Why Isn’t Israel Arming Iraq’s Kurds?
Blame the Great Game
by PAUL IDDON
In a predictable world, Israel and Iraqi Kurdistan would be the closest allies. However, the Middle East is not predictable, and the Israelis have refrained from sending weapons to help the Kurds’ war with the Islamic State.
What’s stopping them? Israeli Prime Minister Benjamin Netanyahu believes that an independent Kurdistan would be a good thing since it would, he reasons, bolster an alliance of moderates across the volatile Middle East.
The Kurds are “a nation of fighters [who] have proved political commitment and are worthy of independence,” Netanyahu told a Tel Aviv think tank in 2014.

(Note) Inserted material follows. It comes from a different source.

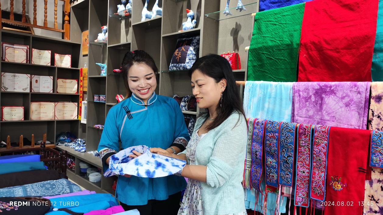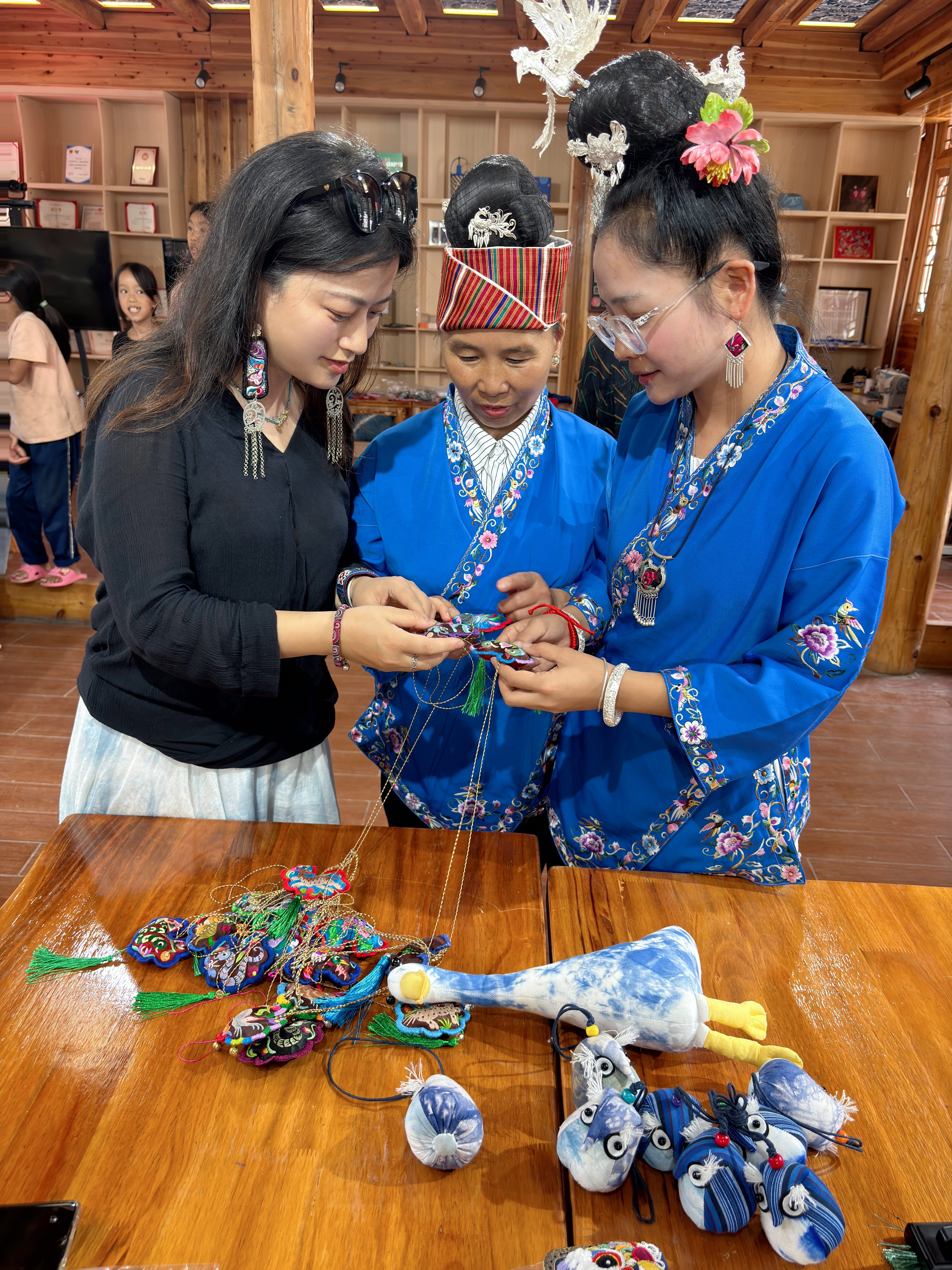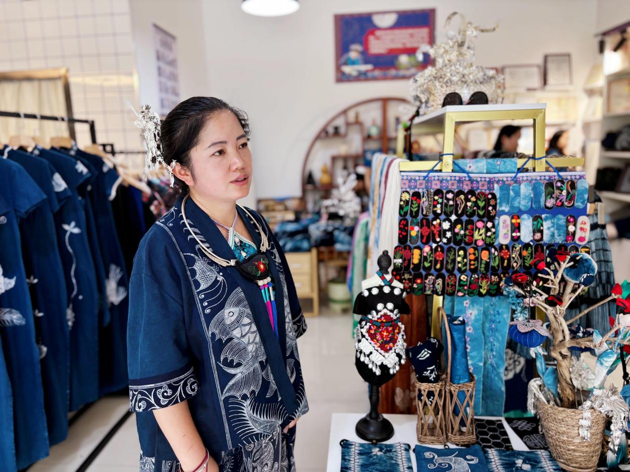学员潘施妹创建了“天才妈妈梦想工坊”。工坊既是妈妈们展示手艺的地方,也是寨子里女孩们最爱来的场所。

In August, the Financial Times revealed that 77 percent Israel’s oil supply originates from Iraq’s Kurdish region, which flows out to middlemen, and which Israel then buys from the international market. These deals are opaque, and neither government acknowledges the trade openly. Additionally, Israeli aid agencies have provided humanitarian support to displaced Christians and Yazidis in Iraqi Kurdistan.
Historically, Israel and Iraqi Kurdistan have shared mutual interests. In the 1960s and the 1970s, Israel, the United States and Iran covertly supported a Kurdish revolt — led by Mustafa Barzani, father of current Iraqi Kurdish president Masoud — against Baghdad.
That support evaporated after the Shah opted to make a deal with Iraq in 1975. The Ba’athists crushed the Kurdish rebellion shortly thereafter.
Israel had its reasons for aiding Kurdish guerrillas. Iraq sent expeditionary forces to aid Arab armies in prior wars with Israel, and Israel saw a Kurdish insurgency as a means to keep the Iraqi army focused inward.
In 2006, the BBC reported that Israeli mercenaries subcontracted to two Swiss-registered companies trained Kurdish fighters in weapons tactics two years prior. So Israeli support is not unprecedented.
But that brings us back to weapons. Or rather, the lack of them.
The United States doesn’t supply weapons directly to Iraq’s Kurds, either — but that owes to Washington’s “one Iraq” policy which directs U.S. arms shipments through the Iraqi central government. Israel, however, openly endorses Kurdish statehood. And Germany directly supplies the Kurds with much-needed rifles and anti-tank missiles.
Tellingly, when Egypt and Syria launched a surprise attack on Israel in 1973, Tel Aviv asked Barzani to launch an offensive against the Iraqi government. Barzani refused after he consulted with Tehran and Washington, both of which feared the Kurds would be wiped out.
In other words, the biggest obstacle to greater cooperation is the fact that Iraqi Kurdistan is an enclave surrounded by larger powers. In a region where Israel is widely hated, military support is far too risky.
Also risky? Iraqi Kurdistan openly confronting Baghdad. Turkey and Iran fear their own Kurdish minorities would opt to join their Iraqi cousins if they openly declared their independence. And if Israel began providing weapons? That would be some dangerous, destabilizing business.
None of this is new to the Kurds. In the 1960s and 1970s, Iraqi Kurdistan was pejoratively known in the region as “the second Israel.” The enclave’s leaders are understandably nervous about any allegations of Israeli support.
However, others in the region no longer care about their neighbors’ sensitivities. In January, a Yazidi officer made an open plea for Israeli weapons, adding that both the Yazidis and Israelis share a common enemy. The Yazidis live under Kurdish protection and have made parallels between the Islamic State’s genocidal ambitions and Nazi Germany.
“[The Islamic State] have already killed many of us,” Lt. Col. Lukman Ibrahim told Al Monitor. “What do we have to fear?”
Lukman wasn’t wrong. But that shows how in the Middle East, words — not actions — are a very weak currency indeed.